**Your goal:** Write out all of the data without omission, exactly as shown.

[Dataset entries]
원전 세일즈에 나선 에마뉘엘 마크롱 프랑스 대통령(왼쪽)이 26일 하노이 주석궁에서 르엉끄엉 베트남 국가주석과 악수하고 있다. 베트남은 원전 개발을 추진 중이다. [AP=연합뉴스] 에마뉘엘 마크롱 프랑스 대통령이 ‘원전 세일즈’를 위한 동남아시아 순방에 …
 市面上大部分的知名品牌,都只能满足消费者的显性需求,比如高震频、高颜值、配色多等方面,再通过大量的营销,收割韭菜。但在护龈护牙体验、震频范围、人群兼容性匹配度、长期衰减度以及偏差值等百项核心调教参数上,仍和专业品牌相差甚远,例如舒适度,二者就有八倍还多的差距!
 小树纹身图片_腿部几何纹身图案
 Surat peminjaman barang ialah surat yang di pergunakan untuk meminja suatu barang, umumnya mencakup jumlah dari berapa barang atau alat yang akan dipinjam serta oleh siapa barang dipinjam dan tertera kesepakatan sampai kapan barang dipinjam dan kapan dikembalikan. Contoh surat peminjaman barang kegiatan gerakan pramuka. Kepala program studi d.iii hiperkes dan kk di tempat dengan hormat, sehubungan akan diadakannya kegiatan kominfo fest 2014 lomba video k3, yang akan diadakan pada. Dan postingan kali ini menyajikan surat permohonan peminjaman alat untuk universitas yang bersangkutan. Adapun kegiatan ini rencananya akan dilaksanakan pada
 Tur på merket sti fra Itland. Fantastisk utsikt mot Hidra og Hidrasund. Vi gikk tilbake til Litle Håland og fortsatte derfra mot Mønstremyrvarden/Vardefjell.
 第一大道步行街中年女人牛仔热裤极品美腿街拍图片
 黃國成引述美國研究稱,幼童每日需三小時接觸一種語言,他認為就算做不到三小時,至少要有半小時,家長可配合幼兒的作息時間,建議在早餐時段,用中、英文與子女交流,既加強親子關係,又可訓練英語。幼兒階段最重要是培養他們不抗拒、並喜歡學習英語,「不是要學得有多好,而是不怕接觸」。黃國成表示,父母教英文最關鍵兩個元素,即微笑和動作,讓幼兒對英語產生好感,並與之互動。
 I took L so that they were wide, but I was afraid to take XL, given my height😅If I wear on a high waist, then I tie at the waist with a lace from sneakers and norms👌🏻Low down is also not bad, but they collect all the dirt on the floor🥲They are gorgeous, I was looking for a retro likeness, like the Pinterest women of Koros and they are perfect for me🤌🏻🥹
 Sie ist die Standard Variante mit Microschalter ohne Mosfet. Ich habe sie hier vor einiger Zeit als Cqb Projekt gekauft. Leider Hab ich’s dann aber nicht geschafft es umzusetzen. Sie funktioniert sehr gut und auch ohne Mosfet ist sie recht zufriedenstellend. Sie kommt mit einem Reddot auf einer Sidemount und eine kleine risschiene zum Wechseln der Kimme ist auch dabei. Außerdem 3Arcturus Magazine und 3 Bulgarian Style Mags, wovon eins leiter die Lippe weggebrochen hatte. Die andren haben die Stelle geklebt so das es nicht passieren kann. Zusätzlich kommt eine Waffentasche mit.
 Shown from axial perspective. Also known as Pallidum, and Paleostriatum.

**Exercise output:**
원전 세일즈에 나선 에마뉘엘 마크롱 프랑스 대통령(왼쪽)이 26일 하노이 주석궁에서 르엉끄엉 베트남 국가주석과 악수하고 있다. 베트남은 원전 개발을 추진 중이다. [AP=연합뉴스] 에마뉘엘 마크롱 프랑스 대통령이 ‘원전 세일즈’를 위한 동남아시아 순방에 …
 市面上大部分的知名品牌,都只能满足消费者的显性需求,比如高震频、高颜值、配色多等方面,再通过大量的营销,收割韭菜。但在护龈护牙体验、震频范围、人群兼容性匹配度、长期衰减度以及偏差值等百项核心调教参数上,仍和专业品牌相差甚远,例如舒适度,二者就有八倍还多的差距!
 小树纹身图片_腿部几何纹身图案
 Surat peminjaman barang ialah surat yang di pergunakan untuk meminja suatu barang, umumnya mencakup jumlah dari berapa barang atau alat yang akan dipinjam serta oleh siapa barang dipinjam dan tertera kesepakatan sampai kapan barang dipinjam dan kapan dikembalikan. Contoh surat peminjaman barang kegiatan gerakan pramuka. Kepala program studi d.iii hiperkes dan kk di tempat dengan hormat, sehubungan akan diadakannya kegiatan kominfo fest 2014 lomba video k3, yang akan diadakan pada. Dan postingan kali ini menyajikan surat permohonan peminjaman alat untuk universitas yang bersangkutan. Adapun kegiatan ini rencananya akan dilaksanakan pada
 Tur på merket sti fra Itland. Fantastisk utsikt mot Hidra og Hidrasund. Vi gikk tilbake til Litle Håland og fortsatte derfra mot Mønstremyrvarden/Vardefjell.
 第一大道步行街中年女人牛仔热裤极品美腿街拍图片
 黃國成引述美國研究稱,幼童每日需三小時接觸一種語言,他認為就算做不到三小時,至少要有半小時,家長可配合幼兒的作息時間,建議在早餐時段,用中、英文與子女交流,既加強親子關係,又可訓練英語。幼兒階段最重要是培養他們不抗拒、並喜歡學習英語,「不是要學得有多好,而是不怕接觸」。黃國成表示,父母教英文最關鍵兩個元素,即微笑和動作,讓幼兒對英語產生好感,並與之互動。
 I took L so that they were wide, but I was afraid to take XL, given my height😅If I wear on a high waist, then I tie at the waist with a lace from sneakers and norms👌🏻Low down is also not bad, but they collect all the dirt on the floor🥲They are gorgeous, I was looking for a retro likeness, like the Pinterest women of Koros and they are perfect for me🤌🏻🥹
 Sie ist die Standard Variante mit Microschalter ohne Mosfet. Ich habe sie hier vor einiger Zeit als Cqb Projekt gekauft. Leider Hab ich’s dann aber nicht geschafft es umzusetzen. Sie funktioniert sehr gut und auch ohne Mosfet ist sie recht zufriedenstellend. Sie kommt mit einem Reddot auf einer Sidemount und eine kleine risschiene zum Wechseln der Kimme ist auch dabei. Außerdem 3Arcturus Magazine und 3 Bulgarian Style Mags, wovon eins leiter die Lippe weggebrochen hatte. Die andren haben die Stelle geklebt so das es nicht passieren kann. Zusätzlich kommt eine Waffentasche mit.
 Shown from axial perspective. Also known as Pallidum, and Paleostriatum.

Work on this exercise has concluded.